Pour des questions méthodologiques, les chiffres de l’EFFIS ne sont pas encore parfaitement alignés avec ceux de l’administration française. Ils rendent toutefois parfaitement compte des ravages inédits des épisodes incendiaires de cette année et corroborent les déclarations du ministre. Selon l’EFFIS, plus de 71 000 hectares ont brûlé en 2026, soit près du double des chiffres de l’année précédentes. Tout ceci avant même la fin de l’été.

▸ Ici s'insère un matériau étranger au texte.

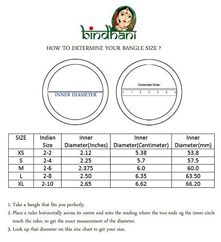 For teenage girls, bangle size typically start at 2-2, then for women bangle size progress to 2-4, 2-6, and 2-8. Bangle size 2-10, especially for those who are healthy and taller.
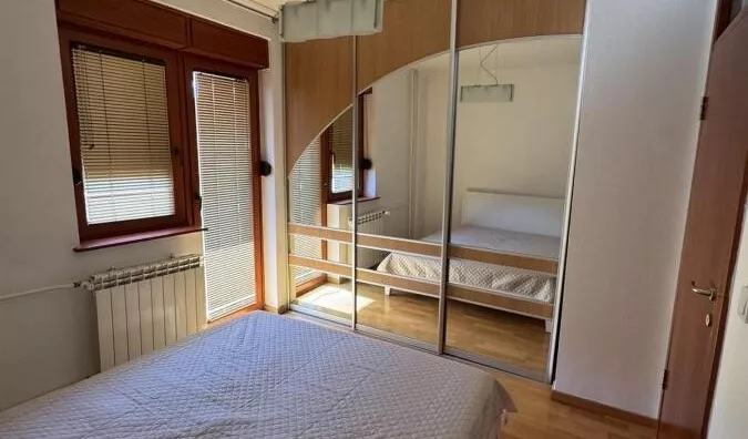 - Opremljenost: Namešteno - internet, interfon, TV, klima, veš mašina, sudo mašina, frižider, rerna, ležaj, plakar
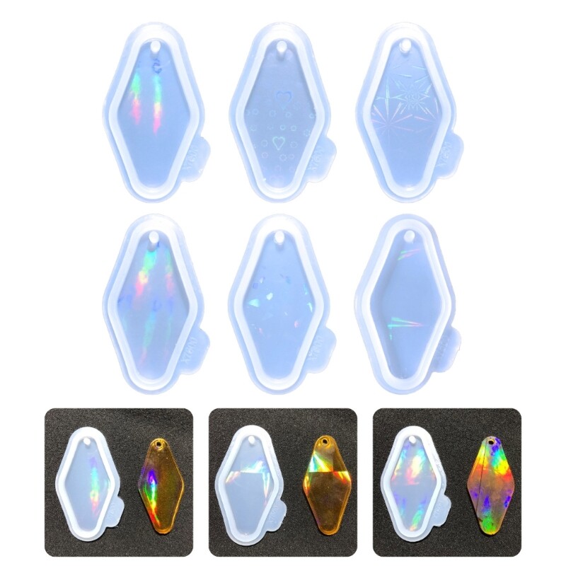 Features: Holographic resin molds,the resin molds are designed with holographic surfaces.this new release design allows the resin keychain to reflect sunlight, creating rainbow light on the surfaces.just let your imagination fly, the holographic resin molds will charm you and enrich your diy resin Durable & reusable,the holographic resin epoxy molds are make of quality silicone, well make, soft, flexible, easy to demold, sturdy, not easy to get deformed, washable, pretty durable and reusable. Enjoy diy fun, the rhombus shaped resin mold can stimulate your creativity and imagination,can add dry flowers, sequins, pigment and glitters or any decorations you like to make unique ornaments or pendant,you can invite your family and to join the diy projects. Widely used,these rhombus shape casting molds are suitable for making keychains, pendants and diy jewelry. Wonderful gift,the resin mold or finished as gift for family, and others who are diy lovers. Specifications: Material:Silicone Type 2 3 4 5 06 Package Includes: Piece Silicone Kechain Molds note: Please allow 1-2cm errors due to manual measurement. Due to the difference betweeen different monitors,the picture may not reflect the actual color of the item.
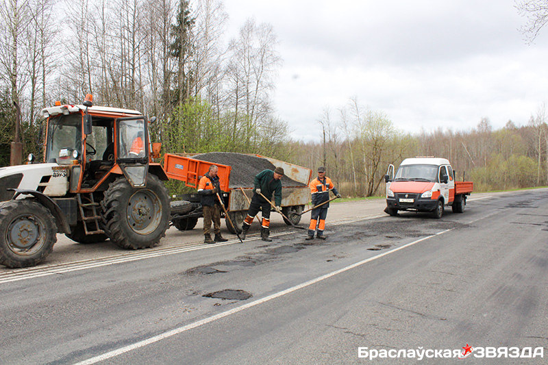 На дорогах Браславщины продолжается ямочный ремонт: будут уложены сотни тонн асфальта

Plus marquant encore, la somme de tous les hectares français calcinés entre 2006 et 2018 reste inférieure au record de cette année. Sur cette période de 12 ans, 68 410 hectares avaient brûlé. Depuis, ce sont presque 300 000 hectares qui ont été réduits en cendre en à peine sept ans.
Fréquemment mentionnée comme l’une des nombreuses conséquences du changement climatique par les scientifiques, l’intensification de ces incendies ne semble pas prêt de ralentir. Malgré les alertes, nombreuses et régulières, les effectifs des soldats du feu et l’état du matériel mis à leur disposition ne sont pas à la hauteur de la menace. En l’espace de deux semaines, trois pompiers ont perdu la vie en tentant d’endiguer la progression des flammes.